◆ DESCRIPTION OF THE TASK ◆
The material below holds pictures, which are to be left out; copy exactly the lines from the one with "Modern data center" through the one with "- Add a touch".

◆ EXTRACTED INFORMATION ◆
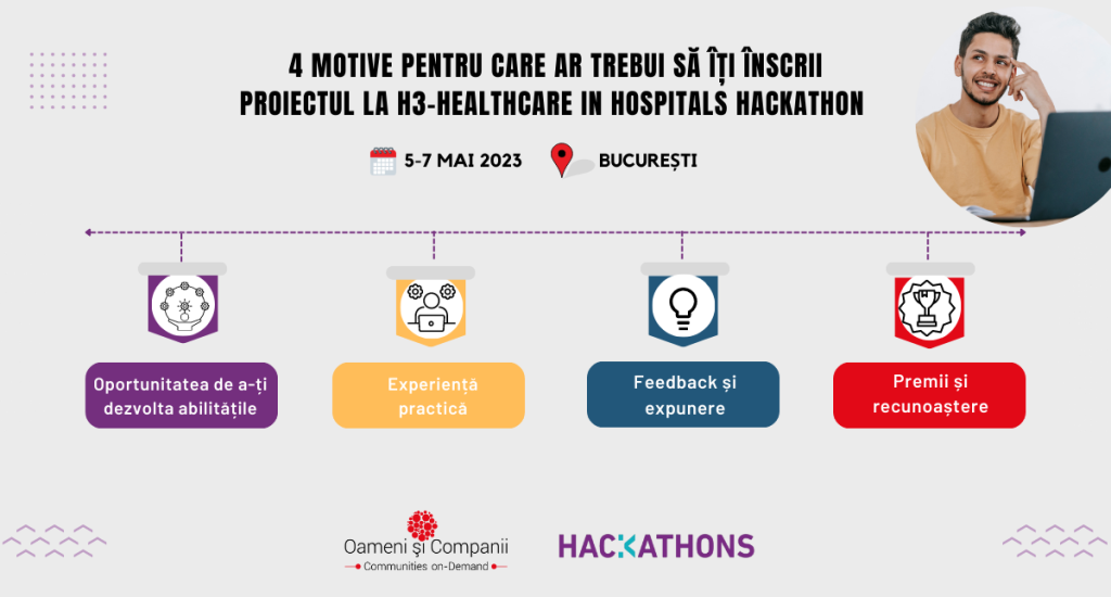 Dacă nu ești sigur că vrei sa te înscrii la H3-Healthcare in Hospitals Hackathon ce se va desfășura în perioada 5-7 mai 2023, în București & online, iată câteva dintre cele mai importante motive.
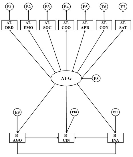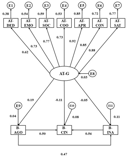 Figure 1 shows the path model constructed. In the first instance, the endogenous variables in the model were determined, with which error terms were associated. One of the primary variables was Overall Tutorial Action (AT-G), which is an endogenous variable, and it comprises a number of different indicators. Amongst these indicators, which are observable and exogenous variables, we found dedication to tutoring of one hour a week (AT-DED), working on emotions in tutoring (AT-EMO), working on socialisation (AT-SOC), working on cooperation with classmates (AT-COO), the approach to learning challenges (AT-APR), the consideration of co-existence challenges (AT-CON) and students’ satisfaction levels with the tutors (AT-SAT). On the other hand, variables linked to burnout acted as exogenous variables within the model. Amongst these variables, we found burnout-associated exhaustion (B-AGO), burnout-associated cynicism (B-CIN) and burnout-associated inadequacy (B-INA).
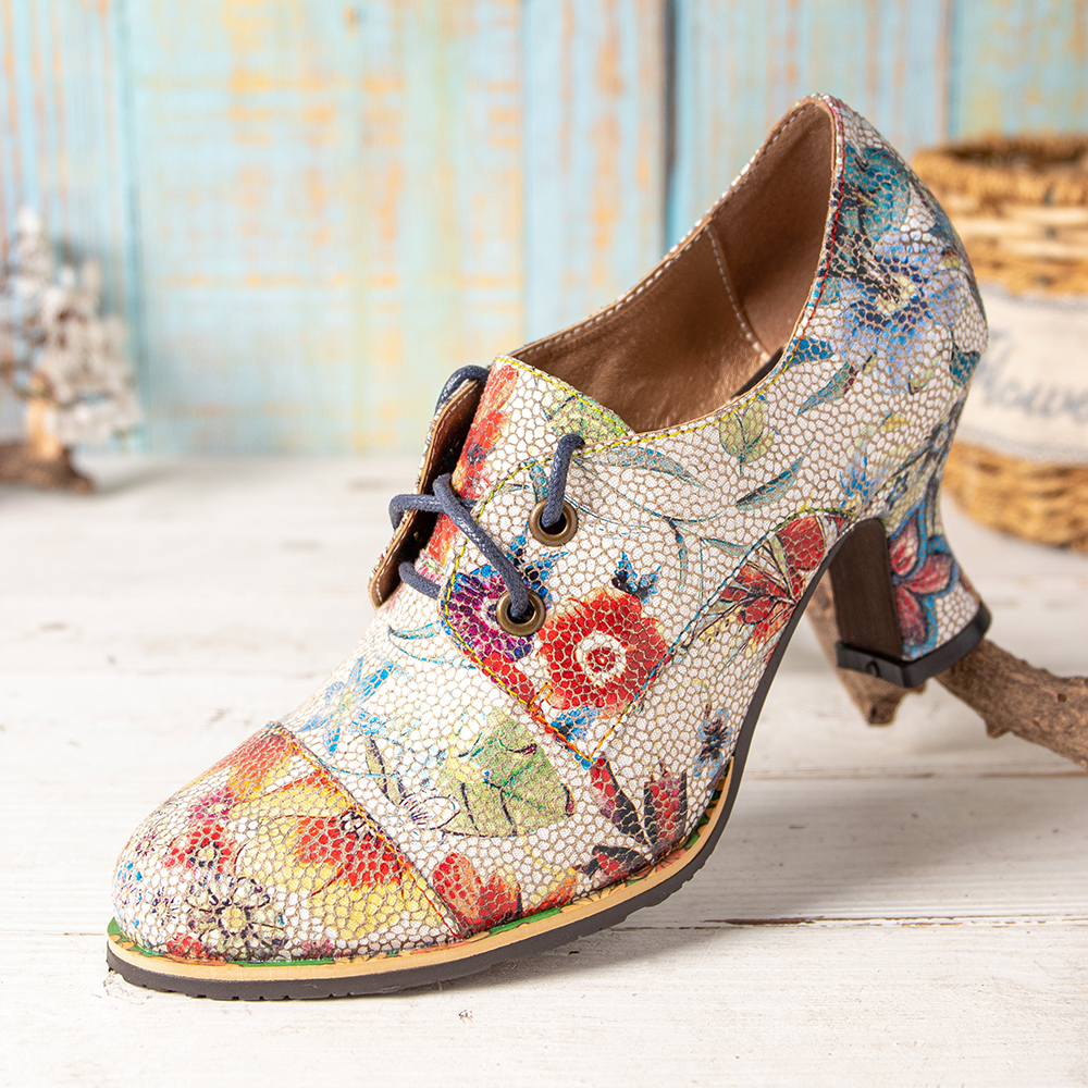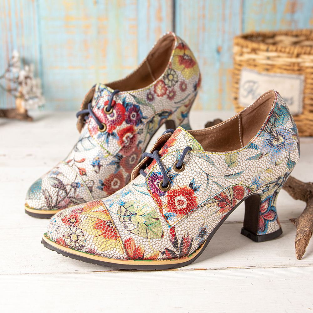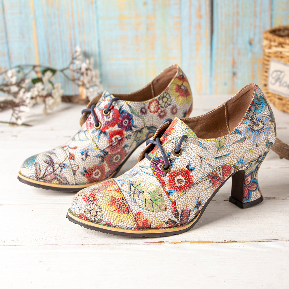 Fresh Natural Flowers Leaves Printed Comfy Wearable Chunky Heel Women Casual Lace Up Pumps
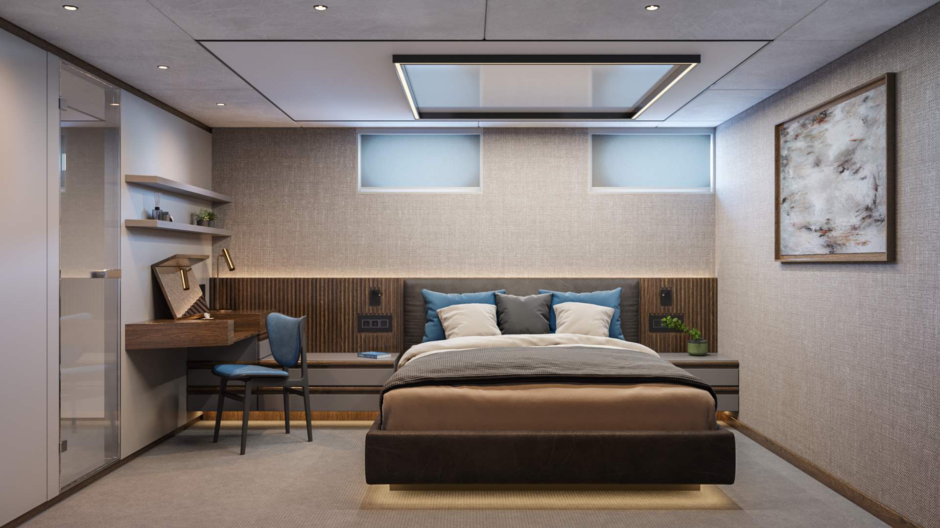 Der geräumige Bereich auf der Flybridge ist mit einem Jacuzzi und einem Sitzbereich ausgestattet. Auf dem Achterdeck gibt es einen Zugang zur Plattform für eine einfachere Nutzung der Wassersportmöglichkeiten und zum Schwimmen. Die Wassersportausrüstung besteht aus einem Beiboot, Wasserski, Jetski, Kajak, Paddleboard, einem Satz Masken, Schnorcheln und Schwimmflossen. 8 Crew-Mitglieder werden Ihnen während der gesamten Reise das höchste Niveau an Service und Luxus bieten.
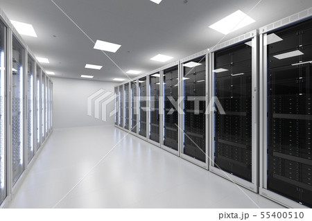 Modern data center server room with rows of illuminated black cabinets and cooling systems for high capacity data storage and processing efficiency
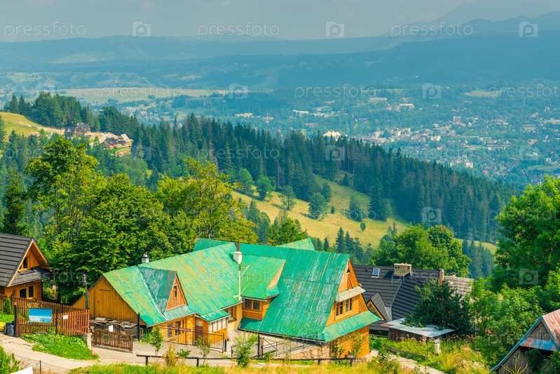 Деревня в долине у подножия горы в Закопане, Польша с высоты
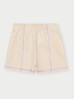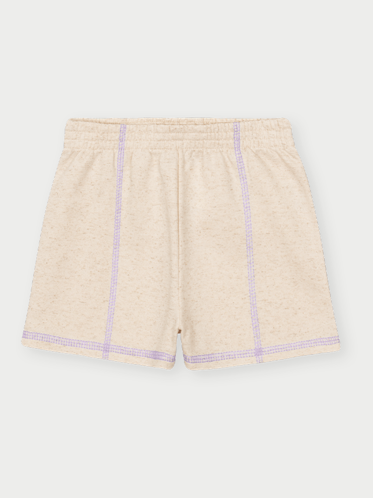 O short em moletom linho tem toque suave com leve textura, sendo mais encorpado que o moletinho tradicional, mas ainda fresco e confortável. O elástico na cintura garante praticidade e ajuste ideal, enquanto a costura em cor contrastante adiciona um detalhe estiloso à peça.
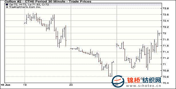 1月21日,美國總統(tǒng)誓言對(duì)大銀行進(jìn)行控制,兼中國信貸收緊,導(dǎo)致美國股市暴跌,美元繼續(xù)走強(qiáng),工業(yè)品期貨大多下跌,但農(nóng)產(chǎn)品終于從連續(xù)下跌中迎來小幅反彈,紐約期棉獲得貿(mào)易盤支撐,其中3月和5月合約收高105點(diǎn),其它合約也中幅收陽。當(dāng)日紐約期棉小幅高開后回落,但并未跌至前日收盤價(jià)之下,在四連陰之后,技術(shù)面也存在較強(qiáng)的反彈預(yù)期,貿(mào)易買盤和空頭回補(bǔ)推動(dòng)紐約期棉回升,尤其在尾盤半小時(shí)內(nèi)3月合約快速上揚(yáng),最高回升至72.08美分,盤終收于71.85美分/磅。中國12月份棉花進(jìn)口21.67萬噸,為2008年5月份以來進(jìn)口最高值。 紐約棉花期貨首期1003合約近三個(gè)交易日交易走勢(shì) |
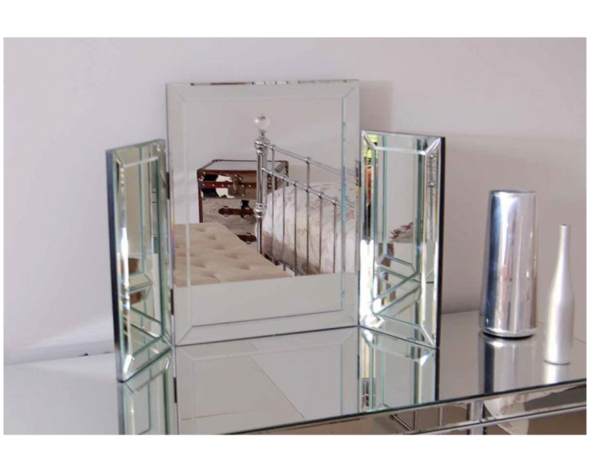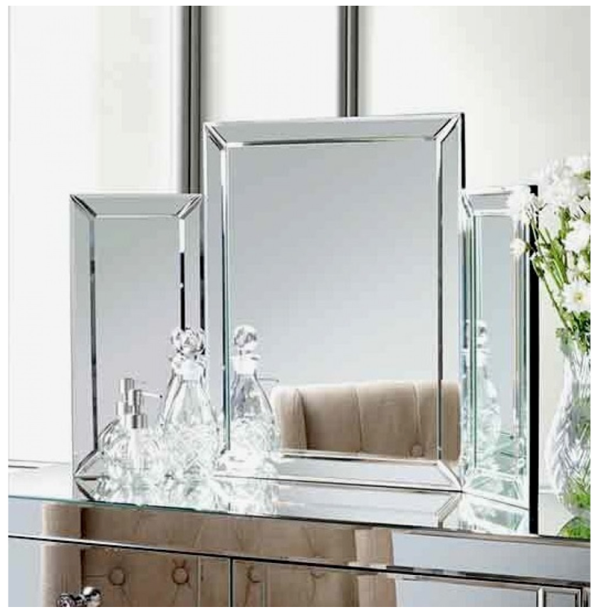 - Add a touch of luxury to your dressing table with the Colleta Tri Fold Vanity Mirror. This free-standing mirror has been designed with two small brackets on the rear to help prevent it from falling when opened. With a height of 60cm and width of 80cm, this stylish mirror offers a clear reflection with its 1.6cm depth.
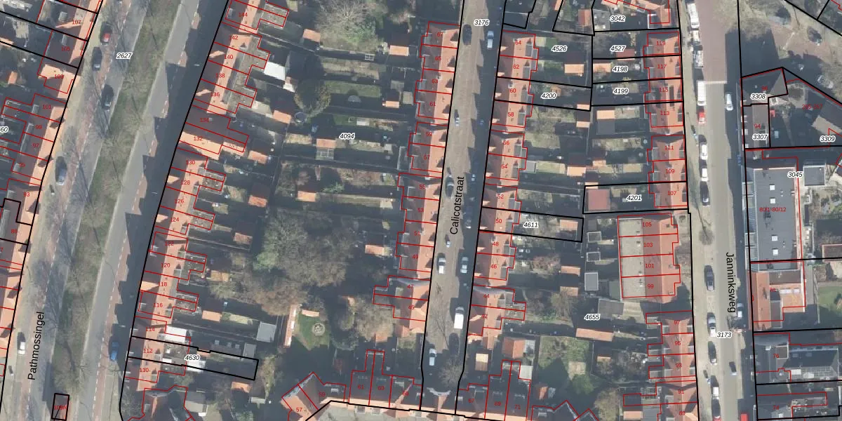 Calicotstraat 53 is gelegen op kadastraal perceel ESD00G4094. Deze kadastrale aanduiding is uniek en wordt gebruikt door het Kadaster om eigendomsrechten en andere zakelijke rechten vast te leggen. Het perceel maakt onderdeel uit van de kadastrale gemeente Enschede.
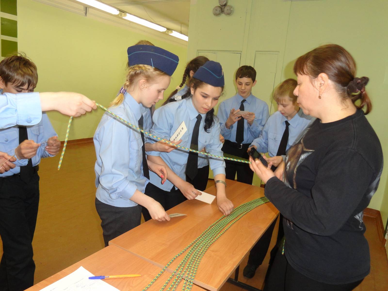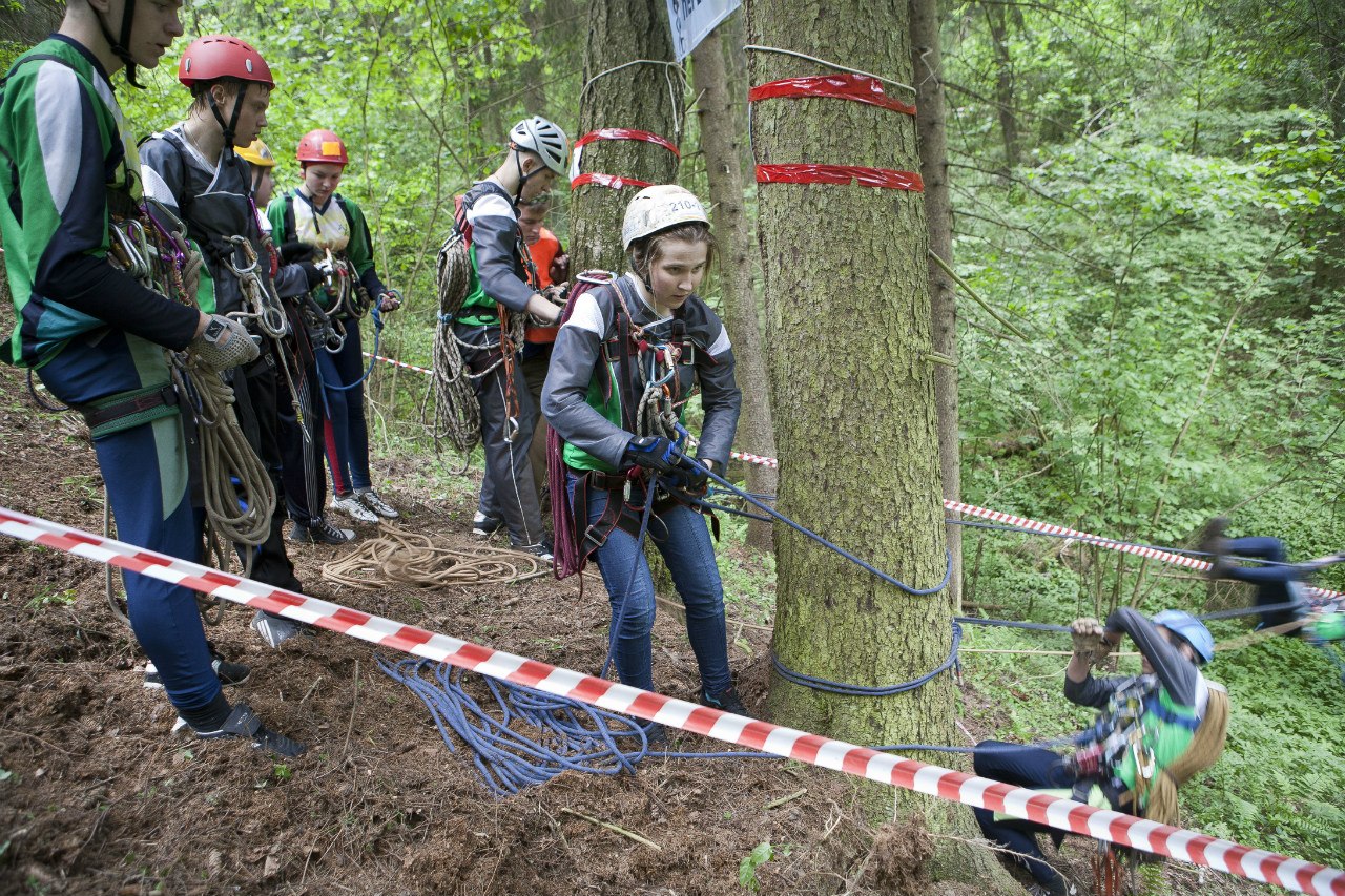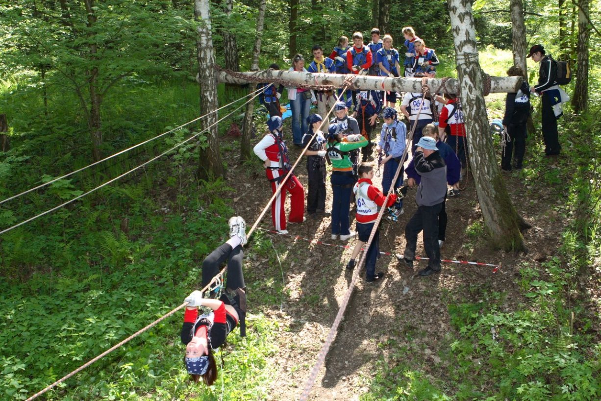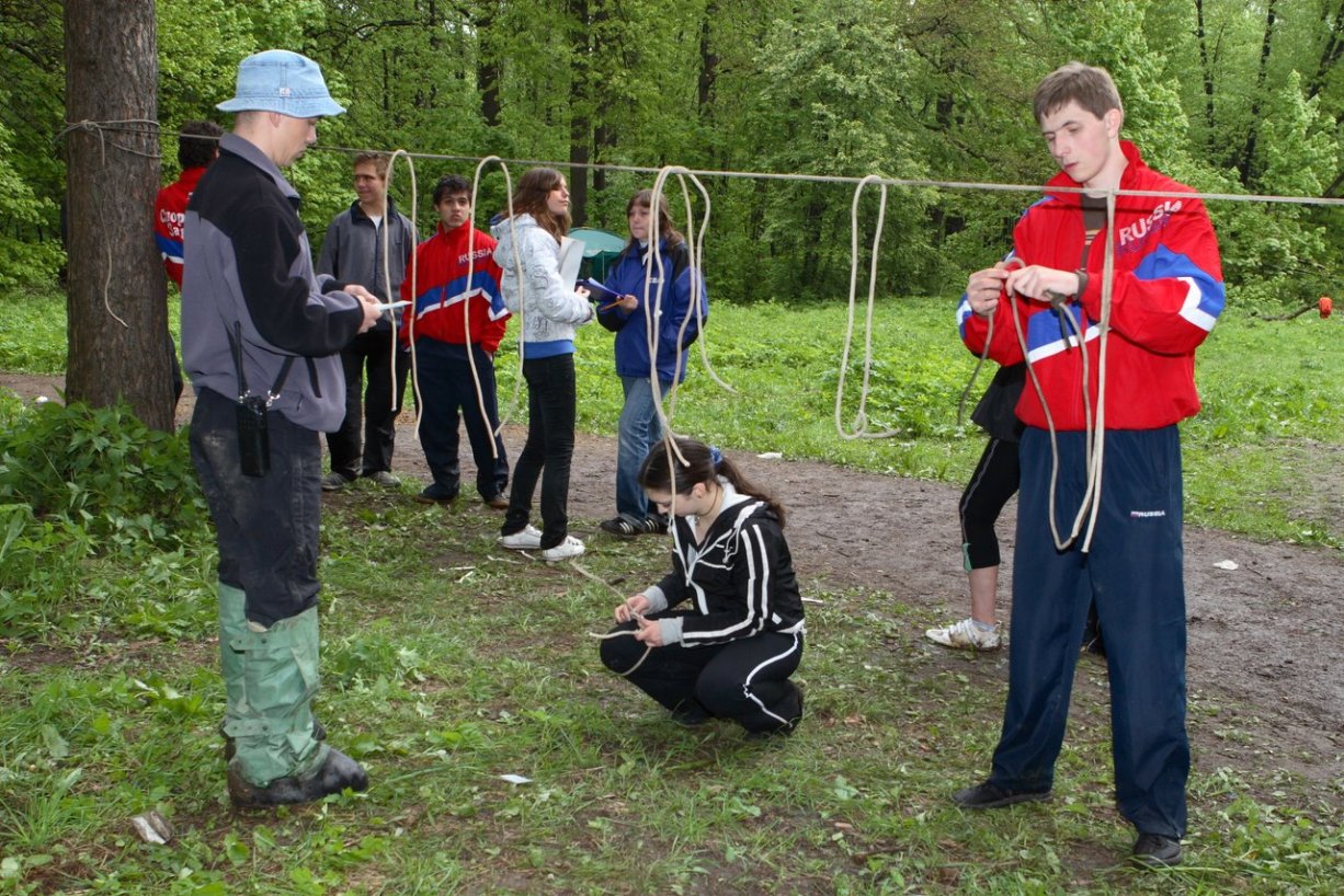 1. После приёма эстафеты поднимается и спускается по веревке с узлами. При спуске на веревке находится только один участник.

◆ RESULT OF THE EXERCISE ◆
 Modern data center server room with rows of illuminated black cabinets and cooling systems for high capacity data storage and processing efficiency
 Деревня в долине у подножия горы в Закопане, Польша с высоты
 O short em moletom linho tem toque suave com leve textura, sendo mais encorpado que o moletinho tradicional, mas ainda fresco e confortável. O elástico na cintura garante praticidade e ajuste ideal, enquanto a costura em cor contrastante adiciona um detalhe estiloso à peça.
 1月21日,美國總統(tǒng)誓言對(duì)大銀行進(jìn)行控制,兼中國信貸收緊,導(dǎo)致美國股市暴跌,美元繼續(xù)走強(qiáng),工業(yè)品期貨大多下跌,但農(nóng)產(chǎn)品終于從連續(xù)下跌中迎來小幅反彈,紐約期棉獲得貿(mào)易盤支撐,其中3月和5月合約收高105點(diǎn),其它合約也中幅收陽。當(dāng)日紐約期棉小幅高開后回落,但并未跌至前日收盤價(jià)之下,在四連陰之后,技術(shù)面也存在較強(qiáng)的反彈預(yù)期,貿(mào)易買盤和空頭回補(bǔ)推動(dòng)紐約期棉回升,尤其在尾盤半小時(shí)內(nèi)3月合約快速上揚(yáng),最高回升至72.08美分,盤終收于71.85美分/磅。中國12月份棉花進(jìn)口21.67萬噸,為2008年5月份以來進(jìn)口最高值。 紐約棉花期貨首期1003合約近三個(gè)交易日交易走勢(shì) |
 - Add a touch of luxury to your dressing table with the Colleta Tri Fold Vanity Mirror. This free-standing mirror has been designed with two small brackets on the rear to help prevent it from falling when opened. With a height of 60cm and width of 80cm, this stylish mirror offers a clear reflection with its 1.6cm depth.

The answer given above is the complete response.